- [Raw data]:
┄┄┄┄┄┄
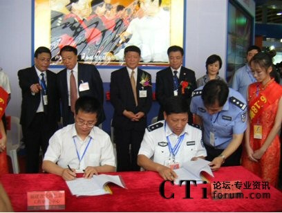 簽約現(xiàn)場,(右)福建省公安廳副廳長,(左)科達公司總經(jīng)理陳衛(wèi)東先生
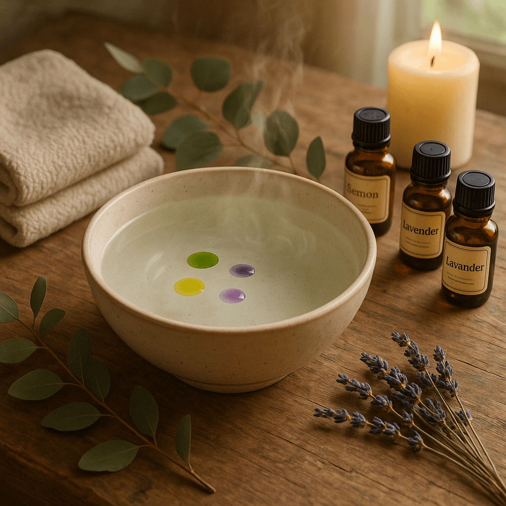 - Inhalation : Mélangez quelques petites gouttes d’eucalyptus dans un bol d’eau bien chaude. Laissez cette vapeur magique vous dorloter !
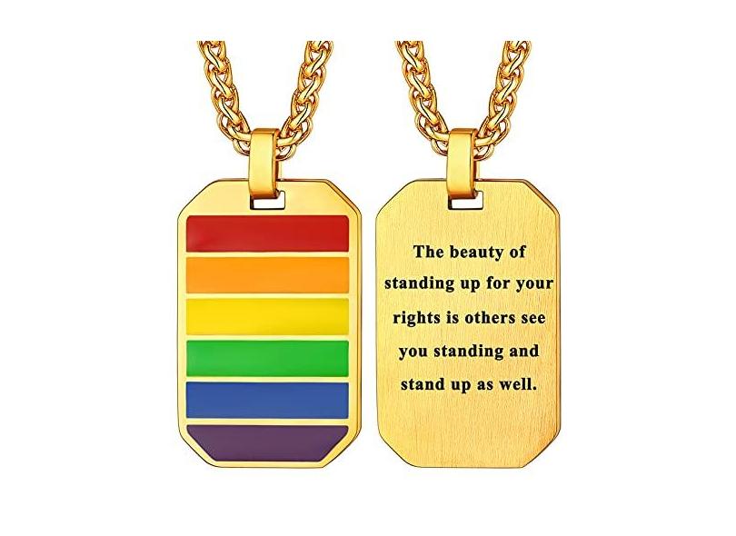 U7 Colar de aço inoxidável arco-íris LGBT Orgulho, pingente personalizado com etiqueta de cachorro, colar Love is Love, joia de orgulho gay e lésbico para homens e mulheres Medium
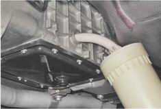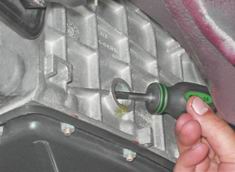 При сильном падении уровня масла проверяем состояние сальников валов коробки передач. He допускается наличие капель масла на картере, но допустимо масляное отпотевание, которое не является признаком повреждения сальников. Проверяем крепление крышек картера коробки передач и, в случае необходимости, подтягиваем гайки. Если течь масла не прекращается, заменяем прокладки и/или сальники (см. "Коробка передач - разборка и сборка"). Замена масла Для выполнения работы потребуется емкость для сбора отработанного масла объемом не менее 2 л. Масло следует заменять сразу после поездки, горячее масло быстрее и полнее сливается вместе со взвешенными в нем частицами. Внимание! Температура масла может достигать 90°С, будьте осторожны. 1. Отворачиваем пробку заливного отверстия (см. выше). 2. Подставляем под сливное отверстие емкость. 3. Шестигранником на 12 мм отворачиваем пробку сливного отверстия.
┄┄┄┄┄┄
Quote the material word for word, dropping any images it holds.

- [Result]:
 簽約現(xiàn)場,(右)福建省公安廳副廳長,(左)科達公司總經(jīng)理陳衛(wèi)東先生
 - Inhalation : Mélangez quelques petites gouttes d’eucalyptus dans un bol d’eau bien chaude. Laissez cette vapeur magique vous dorloter !
 U7 Colar de aço inoxidável arco-íris LGBT Orgulho, pingente personalizado com etiqueta de cachorro, colar Love is Love, joia de orgulho gay e lésbico para homens e mulheres Medium
 При сильном падении уровня масла проверяем состояние сальников валов коробки передач. He допускается наличие капель масла на картере, но допустимо масляное отпотевание, которое не является признаком повреждения сальников. Проверяем крепление крышек картера коробки передач и, в случае необходимости, подтягиваем гайки. Если течь масла не прекращается, заменяем прокладки и/или сальники (см. "Коробка передач - разборка и сборка"). Замена масла Для выполнения работы потребуется емкость для сбора отработанного масла объемом не менее 2 л. Масло следует заменять сразу после поездки, горячее масло быстрее и полнее сливается вместе со взвешенными в нем частицами. Внимание! Температура масла может достигать 90°С, будьте осторожны. 1. Отворачиваем пробку заливного отверстия (см. выше). 2. Подставляем под сливное отверстие емкость. 3. Шестигранником на 12 мм отворачиваем пробку сливного отверстия.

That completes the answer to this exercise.